Recruiters might not get this and just ask for knowledge of X or Y but at some point in your interview process theres most likely going to be a lead engineer sitting across from as an influencer on whether to hire you or not, and if hes worth anything hes only going to care about your "building" skills not language X or Y.

> This type of question gets asked a lot on the net and as someone with experience I can say it rarely matters what language you know its what you have built, can build and your architectural skills that matter

He's asking what his next language should be. I don't get the vibe here of a new programmer thinking he's staking his entire future on what programming language he decides to learn.

It's entirely possible to understand that the programming languages you know aren't as important as what you've built along with your knowledge of software engineering and computer science fundamentals, and yet still want input on the next PL you'll learn in your free time.

"It's entirely possible to understand that the programming languages you know aren't as important as what you've built along with your knowledge of software engineering and computer science fundamentals, and yet still want input on the next PL you'll learn in your free time."
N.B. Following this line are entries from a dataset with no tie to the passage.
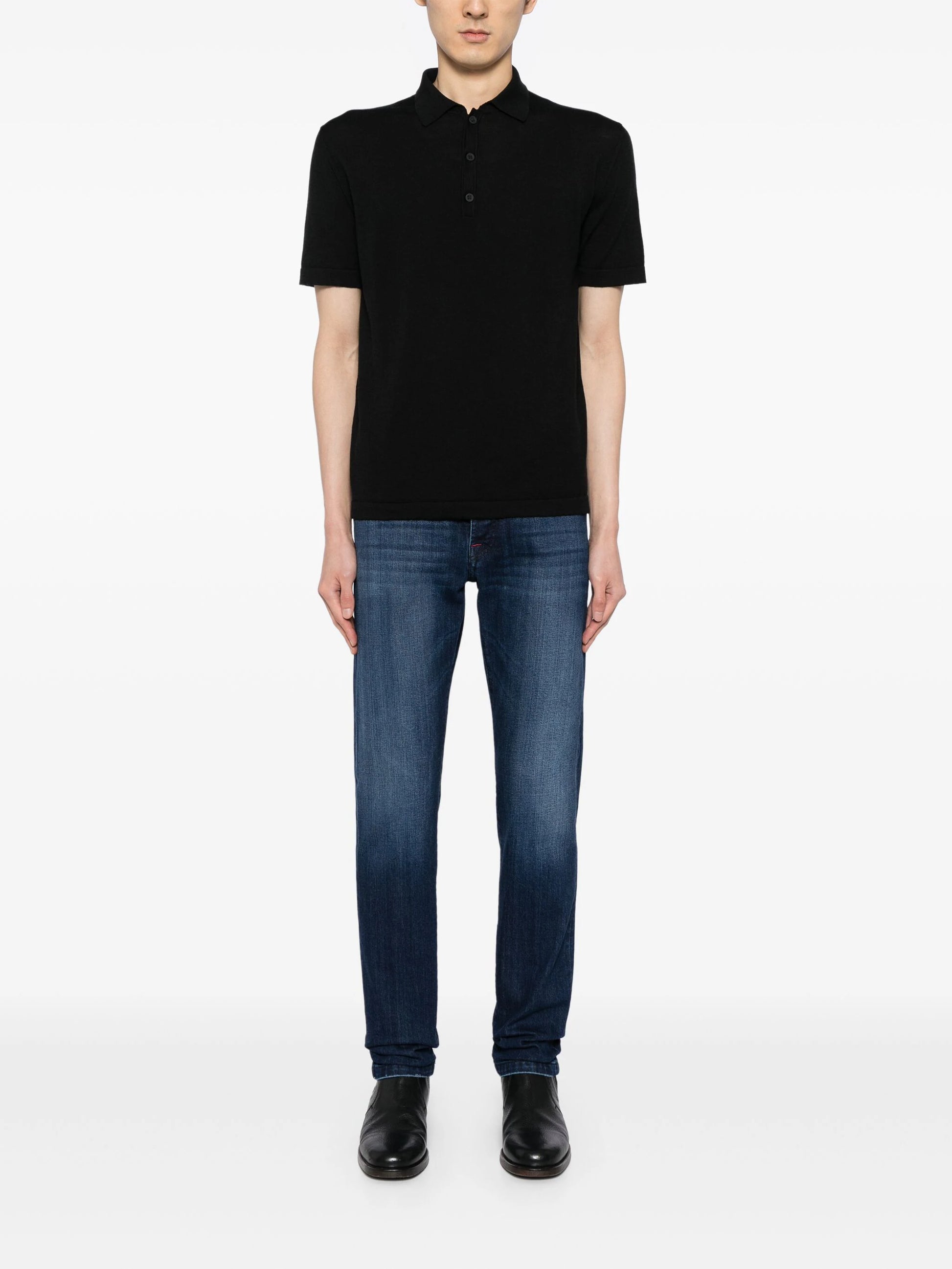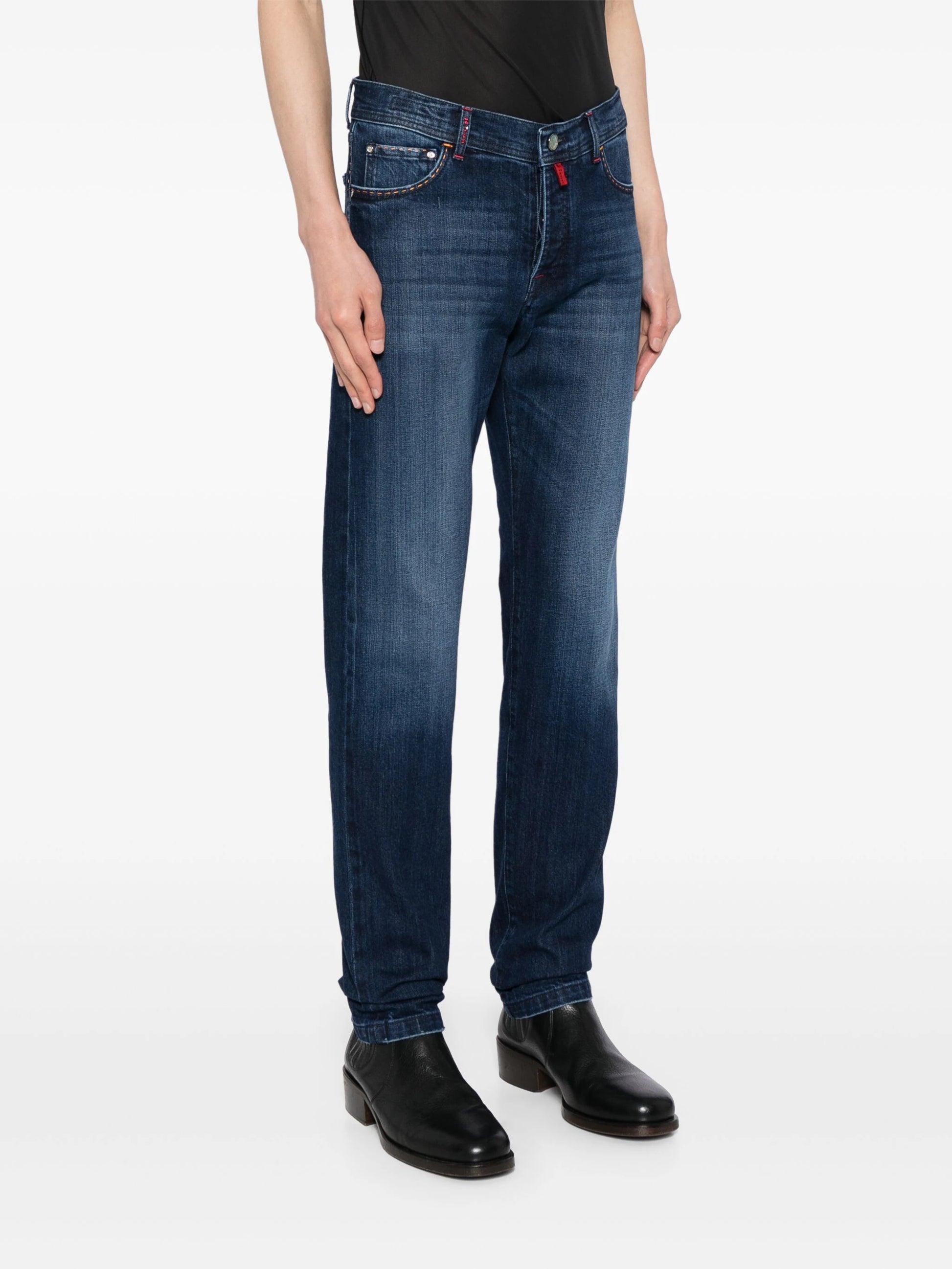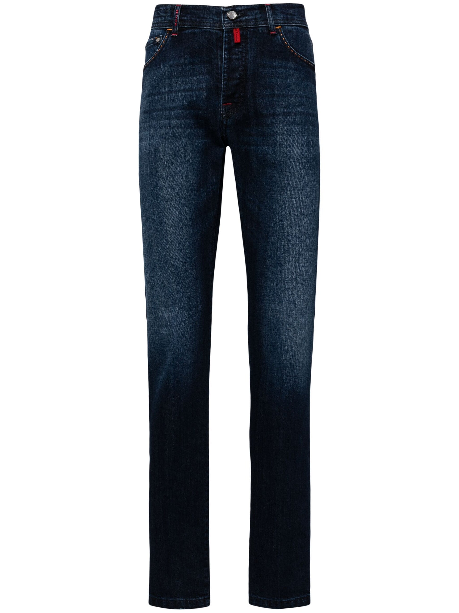 indigo blue stretch-cotton washed denim embroidered logo whiskering effect rivet detailing contrast stitching appliqué logo mid-rise concealed fly and button fastening belt loops straight leg classic five pockets
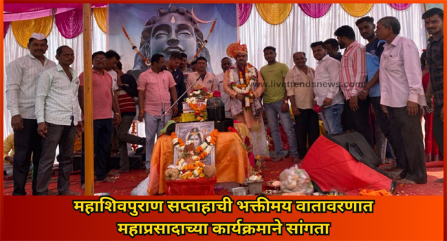 यावल-लाईव्ह ट्रेंडस न्यूज प्रतिनिधी । शहरातील सुतारवाडा परिसरात भाविभक्तांच्या उपस्थितीत भक्तीमय वातावरणात सुरू असलेल्या शिवमहापुराण सप्ताहाची पोथी वाचनाने समाप्ती तरूणांनी आयोजीत केलेल्या महाप्रसादाच्या कार्यक्रमाने झाली.
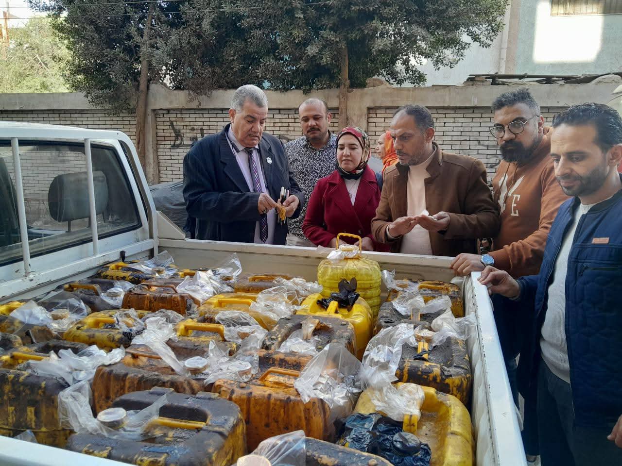 - محضر ضد محل سرجة لحيازته كمية ١٠٠ لتر زيت طعام و كمية ٢٠ لتر خل (مجهول المصدر )

I get what you mean, but it still makes very little sense to me. If he had said I want to make a client/server chat system, then we could make a real suggestions between elixir and scala. He also wants to be able to write concurrent systems, the best way to do this is of course write concurrent systems, not learning concurrent lang structs in scala or elixir. Only when you write a distributed system are you going to encounter all the networking and data integrity problems that arise at those lower levels and these are the things that are important to know and will give him reasons to choose elixir or scala or erlang or golang or whatever works best for him while building that.
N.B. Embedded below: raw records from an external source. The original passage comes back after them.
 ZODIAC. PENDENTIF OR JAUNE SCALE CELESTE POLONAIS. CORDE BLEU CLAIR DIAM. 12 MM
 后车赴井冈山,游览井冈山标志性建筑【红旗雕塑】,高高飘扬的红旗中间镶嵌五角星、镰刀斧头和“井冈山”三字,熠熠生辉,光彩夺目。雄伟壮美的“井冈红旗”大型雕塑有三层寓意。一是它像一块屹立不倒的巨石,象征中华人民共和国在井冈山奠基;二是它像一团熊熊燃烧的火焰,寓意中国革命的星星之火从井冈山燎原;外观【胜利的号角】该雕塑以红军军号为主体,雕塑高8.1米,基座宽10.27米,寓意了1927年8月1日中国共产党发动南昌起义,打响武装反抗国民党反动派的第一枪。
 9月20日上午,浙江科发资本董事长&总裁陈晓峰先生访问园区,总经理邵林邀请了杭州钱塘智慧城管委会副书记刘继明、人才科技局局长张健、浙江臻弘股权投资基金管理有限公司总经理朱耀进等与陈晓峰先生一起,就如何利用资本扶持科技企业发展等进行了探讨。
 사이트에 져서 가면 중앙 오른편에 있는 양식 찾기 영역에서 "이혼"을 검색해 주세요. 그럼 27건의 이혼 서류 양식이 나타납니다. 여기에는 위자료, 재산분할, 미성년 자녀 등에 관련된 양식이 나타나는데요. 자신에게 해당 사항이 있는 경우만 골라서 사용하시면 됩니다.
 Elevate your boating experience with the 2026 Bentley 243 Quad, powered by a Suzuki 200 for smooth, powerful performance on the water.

If you want to be hireable then forget about both learn Ruby or Java, you'll get tons of hiring options (depends on where you are and what types of companies you like)

Scala will get you more job openings now than Elixir, but less than Java jobs or even Rails/Node/Django jobs.

If you are into big data, then right now the most "hyped" toolset is Apache Spark and it is written in Scala and it does not have an Elixir API (not anytime soon)

One last thing, what do you prefer: dynamic typing or static typing? If you prefer dynamic Elixir is going to feel much better than Scala. If static typing is a must for you, Scala is your choice...

Also in Scala you get all of Java's ecosystem in terms of reusable libraries.

Elixir looks great and the Erlang VM is exciting and I know that my next language to play with is going to be Elixir. But this is because I already know Scala pretty well. (My main day job language)

Elixir all the way. The earlier you get in on this wave, the better for you... although it may take a year before the offers start rolling in. Just find whatever work you can now in it or at least pick up the basics. It's fun!!
Why not both?
Language rarely matters, but Scala is were the action is today and probably in the future.

Both languages could be considered "add-ons" on top of their runtime, so you have to think about how likely it is that the "base" language gets good enough to slow down adoption significantly.

In Scala's case it's quite unlikely that Java will ever be able to even decrease the gap let alone closing it.

Elixir feels a lot like CoffeeScript in that regard.

> Elixir feels a lot like CoffeeScript

Elixir's syntax bears some resemblance to CoffeeScript (both were influenced by Ruby's syntax) but otherwise it's hard to imagine a language more unlike CoffeeScript/JavaScript.

I meant in terms of being obsoleted by their "base" language (JavaScript).
Yes, the added "in that regard" makes that clear.